A growing and aging population will boost demand for pharmaceuticals. According to the UN Population Division, the number of people living in Sri Lanka will increase from 18.85mn in 2000 to 22.58mn in 2022 – a rise of nearly 20%. The percentage of the population over 65 years of age will jump from 9.4% in 2000 to 16.0% in 2020, which means that investment in healthcare facilities and treatment will be necessary.
The government’s 2014 budget, outlined in November 2013, allocated as much as LKR2,000mn ($15mn) to tackle non-communicable diseases under a three-year plan focusing on improvements in infrastructure, this is more than double the LKR900mn that was earmarked in the 2011 budget when Mahinda Rajapaksa was sworn in for his second presidential term. The new budget allocated a total of LKR74.1bn ($562.4mn) to both healthcare and education spending, up from LKR46.1bn ($350.3mn) in the 2012 budget, although the authorities did not provide separate figures for the two sectors.
The State Pharmaceuticals Corporation (SPC) is the sole importer of medicinal drugs for the state sector and also imports a significant proportion of drugs for the private sector. Pharmaceuticals are purchased on a system of worldwide tenders, restricted quotations or monopoly quotations. Drugs imported for the state sector are distributed through the government’s Medical Supplies Division whereas those imported for the private sector are sold at SPC retail outlets (Rajya Osusalas), Franchise Osu Salas and other private pharmacies.
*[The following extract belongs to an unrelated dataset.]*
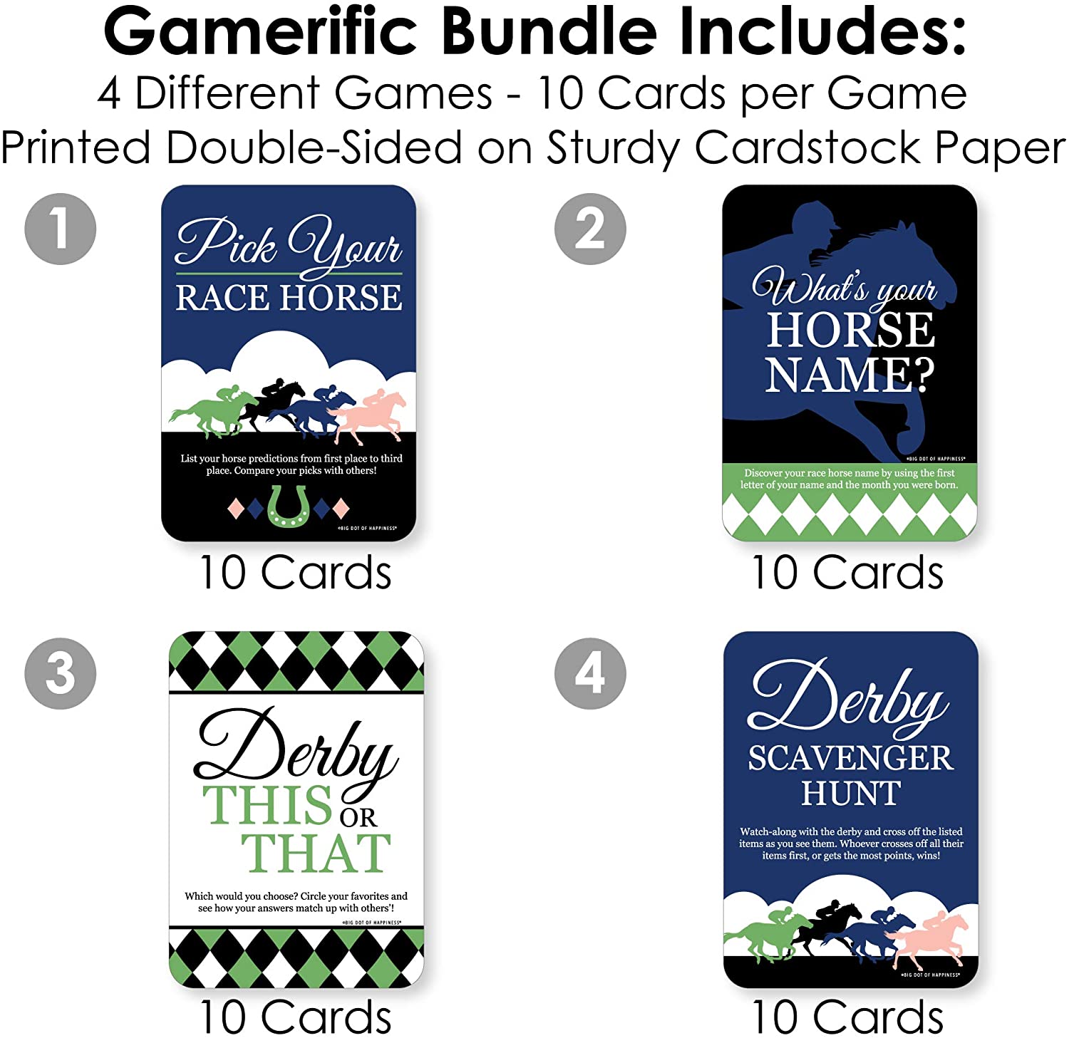 Kentucky Horse Derby - 4 Horse Race Party Games - 10 Cards Each - Gamerific Bundle is backordered and will ship as soon as it is back in stock.

Government (MSD) purchase of hospital supplies through Medical Supplies
The Medical supplies division (MSD) is managed directly by the Line Ministry who is responsible for ensuring timely and smooth distribution of drugs and selected medical supplies. Though the Sri Lankan health system is decentralized, the countrywide requirement of drugs and medical supplies are purchased centrally by the MSD through the State Pharmaceutical Corporation (SPC). Depending on the demand and estimated requirements (provided by all provinces), the quarterly requirement is distributed to 26 Regional Medical Drug Stores (RMDS) located in 26 health districts.
According to the Ministry of Health budget, the funds allocated to purchase medicine/devices for MSD have risen from LKR16.7bn ($127mn) in 2012 to LKR31bn ($237mn) in 2014. MSD would retain ~25% of the allocated budget for emergency purchase in case of shortages. MSD distributes nearly 1000 varieties of essential drugs to government hospitals and dispensaries. Health ministry Budget allocation to purchase drugs was LKR28bn in 2013 for SPC and SPMC.
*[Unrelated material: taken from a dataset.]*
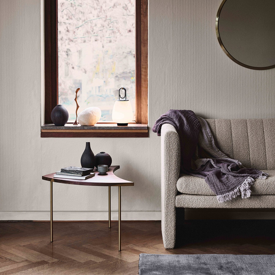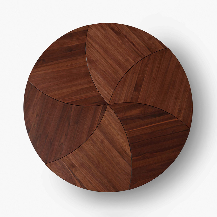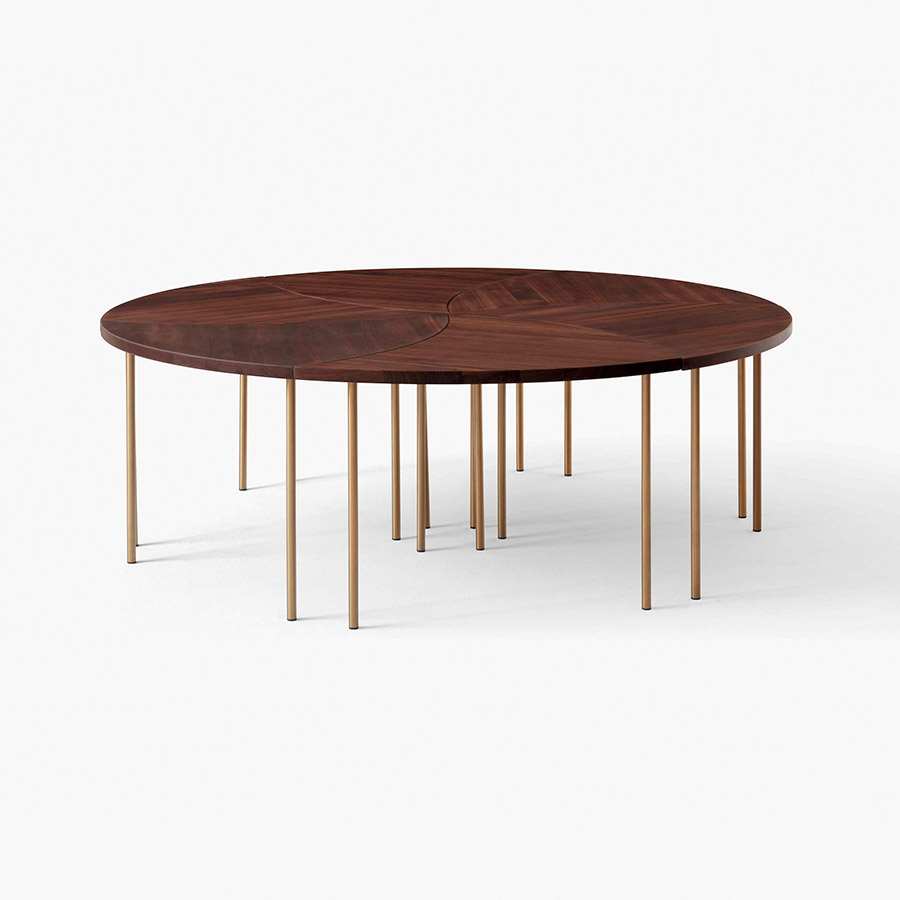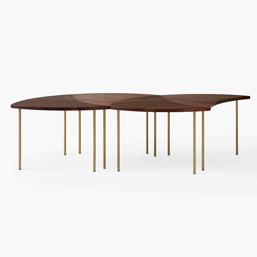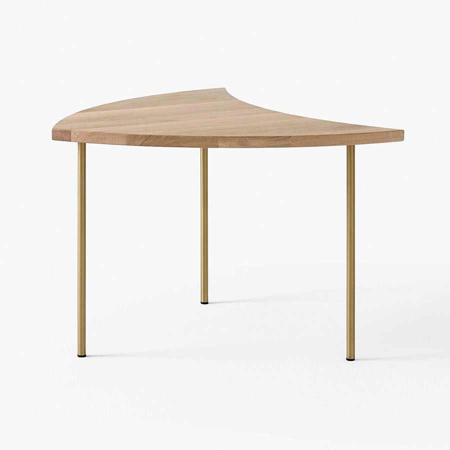 Designed by Hvidt & Molgaard, the Pinwheel Modular Table is a versatile piece that works individually or together. First produced in 1953, the elegant table is inspired by the playful, geometric design of a pinwheel toy. It is a versatile piece that can be grouped together to form a larger table, becoming a round coffee table or an elongated and rectangular one. The table is available in natural oak or walnut, and the legs are brass.

The drug regulatory authority of Sri Lanka is the Cosmetics, Devices, and Drug regulatory authority (CDDA) and there are no state controlled regulatory agencies. CDDA intends to provide a legislative framework to control the use of pharmaceutical drugs with respect to its Registration, Manufacture, importation, Sale (wholesale and retail), Labeling, Transportation, Advertising, Distribution of samples, Testing (through NDQAL) and Disposal of expired /outdated products. Local GMP compliance certificate is required to start manufacturing for the domestic market while WHO cGMP is required for export. For importer/ foreign suppliers – need to submit stability data of the real time; however, in the case of local manufacturers, six months stability data (accelerated) is required. ICH guidelines are well in place. The registered products will have an initial one-year provisional license followed by 5 years validity which can be renewed. All local pharmaceutical manufacturing facilities are inspected at least once in every two years to assess the compliance with GMP. Currently, foreign manufacturers are only required to provide an attestation by the competent authority of that country that a given product has been manufactured on its premises and has used operating practices that conform to GMP.